*** Opening PROVIDED DATA ***

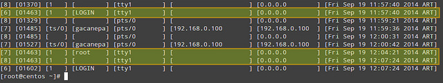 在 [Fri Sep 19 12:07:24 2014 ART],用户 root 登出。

*** Closing PROVIDED DATA ***
*** Opening PROVIDED DATA ***

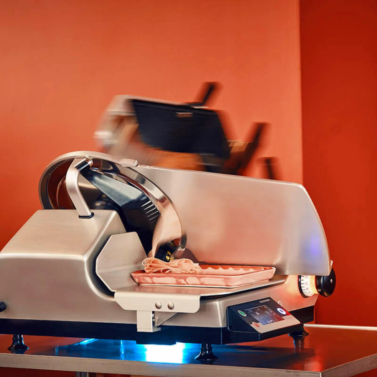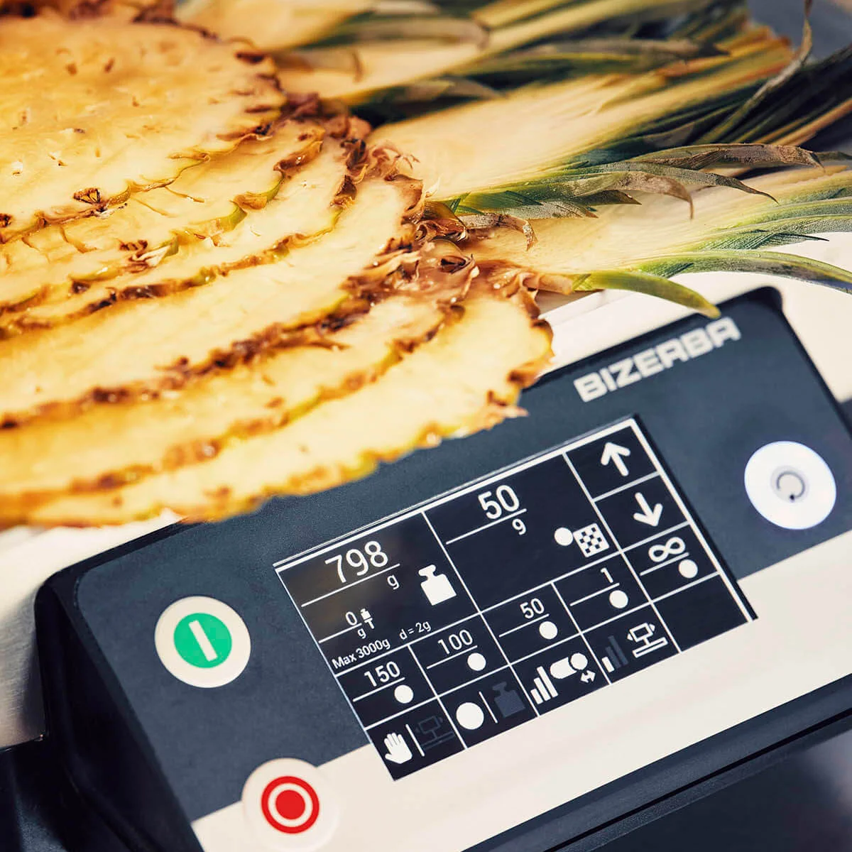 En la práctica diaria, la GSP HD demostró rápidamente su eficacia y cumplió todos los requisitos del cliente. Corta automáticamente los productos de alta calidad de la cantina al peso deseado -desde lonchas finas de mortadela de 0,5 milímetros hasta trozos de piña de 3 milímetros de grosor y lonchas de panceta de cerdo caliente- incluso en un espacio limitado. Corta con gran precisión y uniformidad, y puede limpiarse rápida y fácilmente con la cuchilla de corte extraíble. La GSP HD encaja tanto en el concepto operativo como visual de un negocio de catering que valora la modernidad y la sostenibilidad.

*** Closing PROVIDED DATA ***
*** Opening PROVIDED DATA ***

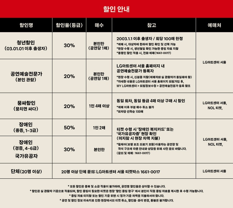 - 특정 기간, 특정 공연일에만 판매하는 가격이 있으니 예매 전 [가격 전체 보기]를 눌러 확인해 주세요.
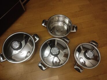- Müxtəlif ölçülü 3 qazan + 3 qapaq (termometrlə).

*** Closing PROVIDED DATA ***

The answer must be the lines above from the one containing "- 특정 기간, 특정" through the one containing "- Müxtəlif ölçülü", reproduced exactly, with no pictures and nothing else.

 - 특정 기간, 특정 공연일에만 판매하는 가격이 있으니 예매 전 [가격 전체 보기]를 눌러 확인해 주세요.
- Müxtəlif ölçülü 3 qazan + 3 qapaq (termometrlə).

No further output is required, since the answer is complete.